Jesus is an important prophet in Islam. While Muslims do not believe in his divinity, they do believe in the virgin birth of Jesus; in fact, the Virgin Mary’s name appears more frequently in the Koran than it does in the New Testament.
2. Islam has a culture and history of women empowerment.
As a young woman, Maryam had a crisis of faith when she asked herself how she could be a Muslim and a feminist. She took a closer look at the history of Islam. “I realized our history is full of badass Muslim women,” Maryam said. “My religion actually encouraged me to be more feminist because I realized God is with me.”
In the Quran, the sacred text of Islam, women and men are described as equals in everyday actions and responsibilities. For more than 14 centuries, millions of Muslims have walked in the footsteps of one devout woman — one of rituals of the Hajj, the sacred yearly pilgrimage for Muslims, follows the path of Hajer as she sought to find water in the desert for her son, Ishmael.
The Quran includes many strong feminine role models, including Khadija, Muhammad’s first wife. She was not only the first convert to Islam, she was a financially independent businesswoman and landowner who was older than Muhammad and had been divorced.
“Their stories are meant to encourage and empower women who read them — women of Islam,” said Ash, who describes himself as a feminist, although he dislikes the label. “Islam is an egalitarian religion that sees everyone as equal in the eyes of God.”
3. Most Muslims consider Islam a peaceful religion.
In response to a question from the audience, the panelists discussed the misperception — even among many Muslims — that Muslim groups and leaders do not sufficiently denounce acts of terrorism. “Every time there’s a terrorist attack, Muslim leaders put out condemnations, but condemnations don’t typically go viral,” said Patricia, chaplain of Penn’s Muslim Student Association.
The word Islam, which means “submission,” is related to the Arabic word salaam, meaning peace. “Islam is rooted in peace, but it means more than peace,” Ash said. “It’s surrendering or submitting to God’s will and attaining peace as a result.”
What about the violent verses in the Quran? Like the violent passages in the Old Testament and the Torah, they must be read in context.

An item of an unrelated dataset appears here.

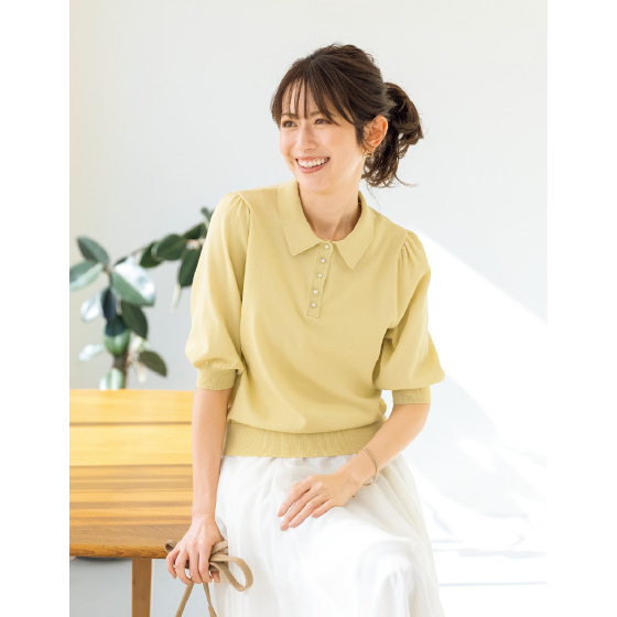 ふっくら袖とパールボタンがやさしいポロ衿ニット。衿付きだからきちんと見えも。
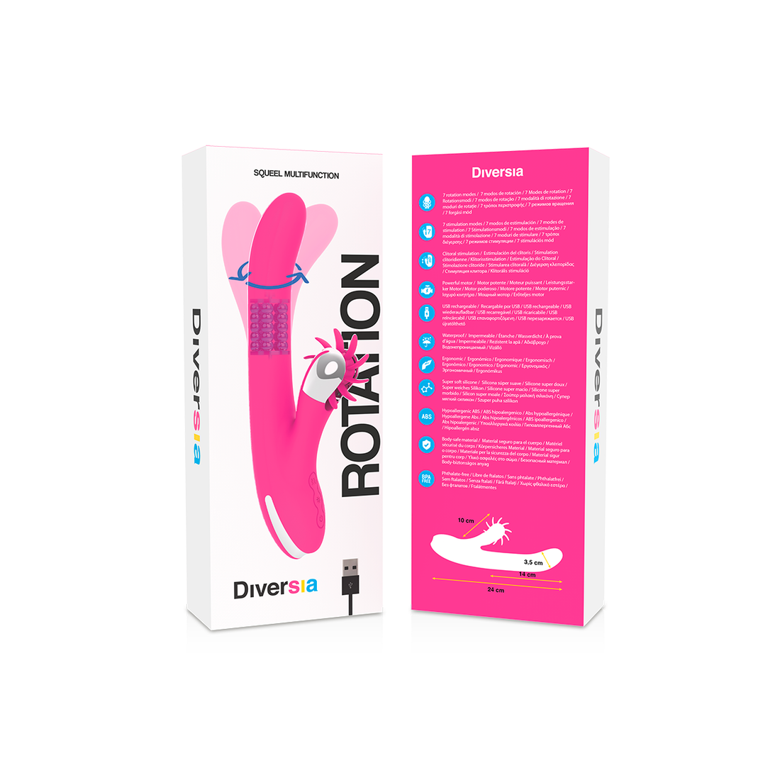 Diversia lancia la nuova collezione di vibratori e rotatori che hanno motori di nuova generazione, ottenendo un aumento di potenza con una maggiore durata. Il sistema multifunzione Squeel incorpora diversi schemi di movimento per un'incredibile stimolazione del clitoride. La sua finitura in silicone super morbido di alta qualità è un vantaggio per gli orgasmi più esigenti. Tutti i vibratori e i rotatori della nuova collezione Diversia si ricaricano tramite USB, sono eleganti e la loro finitura in silicone premium, super morbida e ipoallergenica è un plus per gli orgasmi più esigenti.

Ash explained that terrorists use radical interpretations of Islam, often inaccurately or selectively quoting verses from the Quran that were meant to regulate warfare in the early days of Islam and applying them to contemporary times.
When Buhari was growing up in Nigeria and learned of the terrorist attacks in New York on 9/11, he struggled to understand how it could be related to his faith. “I wondered how can peace promote terrorism?” he said. “After much research and study, I realized that much of what is reported is conflating regional and political conflicts with religious ideology.”
4. The religion of Islam is not the same thing as the culture of some Muslim-majority regions.
“It is fundamentally important to distinguish between culture and religion,” Maryam said. “A lot of the negative practices attributed to Islam are actually cultural or social ills that predate the religion, or are culturally specific to the regions where they happen, and can be rooted in patriarchal power structures, toxic masculinity, or most simply often, just a lack of education and awareness.”
Islam does not condone — and actually condemns — practices such as the oppression of women, banning women from education, and “honor killings.”
“Most of the things you see talked about as sharia law are actually prohibited by sharia law,” Patricia said. “All the Muslims I know never even knew who Osama bin Laden was until he showed up on CNN. Those people are not the people who we listen to.”
With 1.6 billion followers, Islam is the second-largest religious tradition after Christianity and its followers are spread out across the globe. While there are many Muslim-majority countries in the Middle East and North Africa, nearly two-thirds of Muslims live in the Asia-Pacific region. In actuality, Islam is anything but monolithic, it’s a religion practiced in many different cultures.